The Hai Su Trang discovery flowed at 15,000 bpd and holds reserves of up to 50 million barrels. The entire block could hold much more, as it is an extension of the Te Giac Trang structure, on block 15-1, which holds more than double those reserves and could produce up to 70,000 bpd.
Petrovietnam, UK Soco and Thailand PTTEP hold block 15-1.
“I fully expect the block to be commercial. We anticipate production in 2010,” said Buckee, who will retire in September.
Talisman, the No. 3 Canadian independent company, is also present in Malaysia, Indonesia and Australia.
“We are trying to grow here. North America and the North Sea are very mature and competitive regions. Asia is less explored,” Buckee said.
Talisman, which has gas developments in Malaysia and Indonesia, is also turning to deepwater exploration, the buzzword at this year’s AOGC in Malaysia, where three major fields are slated for development in the next five years.

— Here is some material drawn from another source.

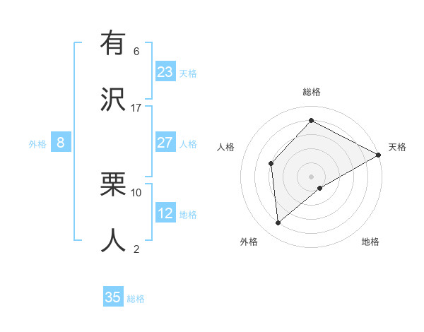 有沢 栗人さんの総格は35画の4点!

U.S. independent Murphy Oil Corp. (MUR.N) will bring Malaysia’s first deepwater development on stream by August or September this year, with production to peak at 125,000 bpd. Shell’s (RDSa.L) Gumusut field could produce up to 150,000 bpd by 2012.
Buckee said Talisman had failed so far in its efforts to acquire interests in deepwater blocks in Malaysia, although it has secured acreage in Indonesia.
Talisman is also looking at taking over declining oilfields in Asia.
“We have demonstrated in the North Sea that we are very able to slow the decline and increase production in fields that used to be in the hands of the majors,” Buckee said.
Talisman bought last year the Auk and Fulmar fields from Shell and Exxon Mobil Corp (XOM.N). Many oil majors are selling older, declining fields to independent companies in the North Sea as the fields are too small for their global portfolio.
Talisman also has a stake in Norway’s Yme field, which was shut down in 2001 when oil prices were low. With higher prices, the field is being revived and is expected to resume production in 2009 at a maximum rate of 40,000 bpd.
Experts estimate oilfields worldwide decline at an average 7-8 percent rate per year and small, independent companies, have made their business to enhance recovery on these fields.
“Governments should make sure that the assets get in the right hands. It is time for companies like Exxon to move over and time for independents to exploit these fields,” he added.
Buckee said that Talisman has told government regulators that the company would like to inherit declining fields.
Talisman expects an average output of 485,000 bpd this year.